>>>

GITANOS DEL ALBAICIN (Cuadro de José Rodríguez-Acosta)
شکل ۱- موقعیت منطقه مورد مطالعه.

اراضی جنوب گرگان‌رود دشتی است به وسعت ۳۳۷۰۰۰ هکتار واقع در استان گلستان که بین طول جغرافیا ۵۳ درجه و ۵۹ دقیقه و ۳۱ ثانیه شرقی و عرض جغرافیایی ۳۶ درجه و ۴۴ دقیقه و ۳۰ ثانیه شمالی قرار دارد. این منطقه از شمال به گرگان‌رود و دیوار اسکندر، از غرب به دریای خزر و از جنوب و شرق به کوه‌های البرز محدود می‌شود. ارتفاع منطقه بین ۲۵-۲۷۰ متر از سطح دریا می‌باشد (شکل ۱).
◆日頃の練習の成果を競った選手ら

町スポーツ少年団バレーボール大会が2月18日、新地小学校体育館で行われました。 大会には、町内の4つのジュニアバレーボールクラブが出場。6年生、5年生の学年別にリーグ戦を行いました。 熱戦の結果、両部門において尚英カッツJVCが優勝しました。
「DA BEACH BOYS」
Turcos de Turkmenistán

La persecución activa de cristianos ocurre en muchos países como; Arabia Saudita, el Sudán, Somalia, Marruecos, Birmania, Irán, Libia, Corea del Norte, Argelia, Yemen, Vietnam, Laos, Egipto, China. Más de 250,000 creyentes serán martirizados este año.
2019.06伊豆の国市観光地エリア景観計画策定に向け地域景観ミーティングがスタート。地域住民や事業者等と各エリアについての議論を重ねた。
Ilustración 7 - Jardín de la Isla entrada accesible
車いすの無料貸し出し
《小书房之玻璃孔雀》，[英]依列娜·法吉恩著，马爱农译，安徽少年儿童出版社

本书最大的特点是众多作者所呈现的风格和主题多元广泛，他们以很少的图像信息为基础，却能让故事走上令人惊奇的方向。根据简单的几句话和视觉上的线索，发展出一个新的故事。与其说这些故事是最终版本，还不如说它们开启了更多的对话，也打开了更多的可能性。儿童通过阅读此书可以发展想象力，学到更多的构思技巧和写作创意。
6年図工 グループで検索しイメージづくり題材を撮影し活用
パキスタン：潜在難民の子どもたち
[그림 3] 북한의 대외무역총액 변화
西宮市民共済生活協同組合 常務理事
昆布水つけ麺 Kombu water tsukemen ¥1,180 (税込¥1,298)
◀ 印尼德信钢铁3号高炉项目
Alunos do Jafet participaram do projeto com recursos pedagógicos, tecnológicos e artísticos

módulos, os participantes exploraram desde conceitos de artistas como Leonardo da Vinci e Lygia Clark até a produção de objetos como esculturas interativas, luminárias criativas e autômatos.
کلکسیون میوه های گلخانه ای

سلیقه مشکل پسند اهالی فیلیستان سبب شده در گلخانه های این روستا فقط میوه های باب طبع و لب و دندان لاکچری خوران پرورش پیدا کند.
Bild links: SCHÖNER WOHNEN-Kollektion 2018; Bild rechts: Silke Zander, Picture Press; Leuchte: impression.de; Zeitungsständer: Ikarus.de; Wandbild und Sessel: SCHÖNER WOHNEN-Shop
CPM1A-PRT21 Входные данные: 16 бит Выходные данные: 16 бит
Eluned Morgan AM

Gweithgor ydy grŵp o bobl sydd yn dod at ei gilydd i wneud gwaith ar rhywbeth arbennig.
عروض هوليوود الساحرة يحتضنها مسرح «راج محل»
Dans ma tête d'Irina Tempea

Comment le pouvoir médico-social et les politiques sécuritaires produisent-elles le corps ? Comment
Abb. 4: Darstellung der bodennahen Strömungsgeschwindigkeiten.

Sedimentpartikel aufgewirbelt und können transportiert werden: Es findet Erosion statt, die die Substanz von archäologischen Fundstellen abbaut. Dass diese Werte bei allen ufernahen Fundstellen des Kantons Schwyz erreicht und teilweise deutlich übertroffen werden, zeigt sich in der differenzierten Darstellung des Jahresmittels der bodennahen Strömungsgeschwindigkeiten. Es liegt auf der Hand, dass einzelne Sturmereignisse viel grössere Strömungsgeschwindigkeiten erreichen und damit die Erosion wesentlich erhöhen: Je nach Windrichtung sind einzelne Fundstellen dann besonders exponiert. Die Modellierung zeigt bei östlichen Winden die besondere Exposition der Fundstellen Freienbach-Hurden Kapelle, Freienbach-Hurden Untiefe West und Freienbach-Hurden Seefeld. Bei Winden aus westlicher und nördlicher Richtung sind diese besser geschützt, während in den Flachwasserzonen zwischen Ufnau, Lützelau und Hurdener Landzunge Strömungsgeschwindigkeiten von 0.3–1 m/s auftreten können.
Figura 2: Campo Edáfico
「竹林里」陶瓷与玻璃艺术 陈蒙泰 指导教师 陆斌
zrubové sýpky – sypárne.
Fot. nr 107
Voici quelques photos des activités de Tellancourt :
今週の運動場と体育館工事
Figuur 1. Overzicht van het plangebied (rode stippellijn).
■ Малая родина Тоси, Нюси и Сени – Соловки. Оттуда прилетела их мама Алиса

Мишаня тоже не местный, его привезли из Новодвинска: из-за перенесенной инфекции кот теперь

<<<

*HOW TO COMPLETE THIS TASK*: Reproduce, exactly and with both ends included, every line from the one that contains "Figura 2: Campo Edáfico" to the end of the listing above.

*EXERCISE RESULT*:
Figura 2: Campo Edáfico
「竹林里」陶瓷与玻璃艺术 陈蒙泰 指导教师 陆斌
zrubové sýpky – sypárne.
Fot. nr 107
Voici quelques photos des activités de Tellancourt :
今週の運動場と体育館工事
Figuur 1. Overzicht van het plangebied (rode stippellijn).
■ Малая родина Тоси, Нюси и Сени – Соловки. Оттуда прилетела их мама Алиса

Мишаня тоже не местный, его привезли из Новодвинска: из-за перенесенной инфекции кот теперь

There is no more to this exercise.